Critically reflect on your development as a therapist and how your professional identity integrates self-understanding. How have the life experiences identified in the first assessment influenced your professional development and strengths and limitations as a therapist? Provide some strategies of how these limitations can be strengthened. Emphasis in this reflective journal will also need to be on the association between self-awareness and the capacity of the therapist to provide effective therapy, accurate empathy, and to practise ethically.

Your reflective journal is to include:

  • critical reflection on your development as a therapist
  • relevant connections drawn between life experiences and professional development and self-understanding
  • identification and evaluation of professional strengths and limitations
  • evaluation of the effectiveness of and the association between the self-awareness of the therapist and the therapists’ provision of effective therapy, accurate empathy and ethical practice
  • identification and analysis of how your increased self-knowledge and insights will influence your future as a therapist
  • reference to relevant literature, linking your reflective journal to theory explored in the unit

 

Guidelines

If you need help about what to include in your Reflective Journal, there is some guidance below.

However, for the assignment itself, I would encourage you to put your Learning Journal into the Appendix and spend the 1500 words referring to aspects of your journal while you answer what is being directly asked of you in the criteria.

Essentially you are reflecting on your different levels of experience and reflecting on the process (reflexivity).

It has been suggested by another tutor in this unit that it may help to see the assignment as having a three pronged approach:

1)      Reflecting on personal experience

2)      Reflecting on  professional experience

3)      Reflecting on how to make sense of these experiences through the literature

Looking at the criteria for assignment 3

It may be obvious, but I have highlighted what I consider to be essential for this assignment.

  • critical reflection – development as a therapist
  • relevant connections – life experiences and professional development and self-understanding
  • identification and evaluation – professional strengths

identification and evaluation – professional limitations

  • evaluating – effectiveness and association between the self-awareness of the therapist;  

evaluating – therapists’ provision of effective therapy, accurate empathy and ethical practice

  • identification and analysis – increased self-knowledge and insights and how these will influence your future as a therapist
  • reference to relevant literature, linking your reflective journal to theory explored in the unit

 

For this assignment I do not need an introduction or conclusion.

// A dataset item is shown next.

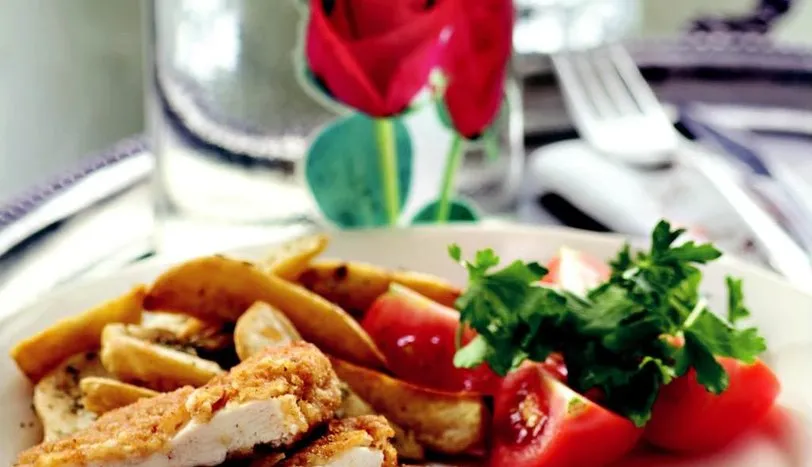 PANE için un, süt ve tuzu iyice karıştırın. Tavuk göğüslerini önce pane harcına, sonra galeta ununa bulayın. Kızgın sıvıyağda önlü-arkalı kızartın. Sıcak olarak, yanında elma dilimi patates ile servis yapın.

What is a Learning Journal?

A learning journal is often called a reflective journal. It is a steadily growing document that you (the learner) write, to record the progress of your learning. You can keep a learning journal for any course that you undertake, or it may be part of an assessment.

A learning journal is not…

  • Simply a summary of the course material. Focus more on your reactions to what you’ve read, and what you’ve been reading.
  • A learning log. On a learning log you might write down the times and days when you read something. A log is a record of events, but a journal is a record of your reflections and thoughts.

Each time you make an entry into your journal, think back over everything you’ve done since the last time. Which sources did you learn most from? Which did you learn least from, and why was that? (Did you know the material already?) Write a paragraph or two about the sources of your new learning.

Entries in a reflective journal can include:

  • Points that you found specifically interesting in your reading and would like to follow up in more detail.
  • Questions that came up in your mind because of points made in material you read on this topic.
  • After a class or teletutorial (immediately after it, if possible) it’s a good idea to reinforce your learning by trying to remember the main things you learned. Think “What were the three main points that were new to me, in the material I read today?” Write them down without looking at the course notes – then compare them with those notes, to make sure you remembered the points accurately.
  • Notes from other material you read as a result of the course – whether this was publications cited or relevant material that you happened to read (such as newspaper articles).
  • A record of everything you read in this subject area, while you’re doing the course, with a sentence or two on the main points an article was making and how useful you found it.
  • How your learning in this course is related to what you’re learning in other ways.
  • Thoughts that are not yet fully formed but that you want to refine later. This could include your feelings about the topic and your progress in it and theories that are developing in your mind.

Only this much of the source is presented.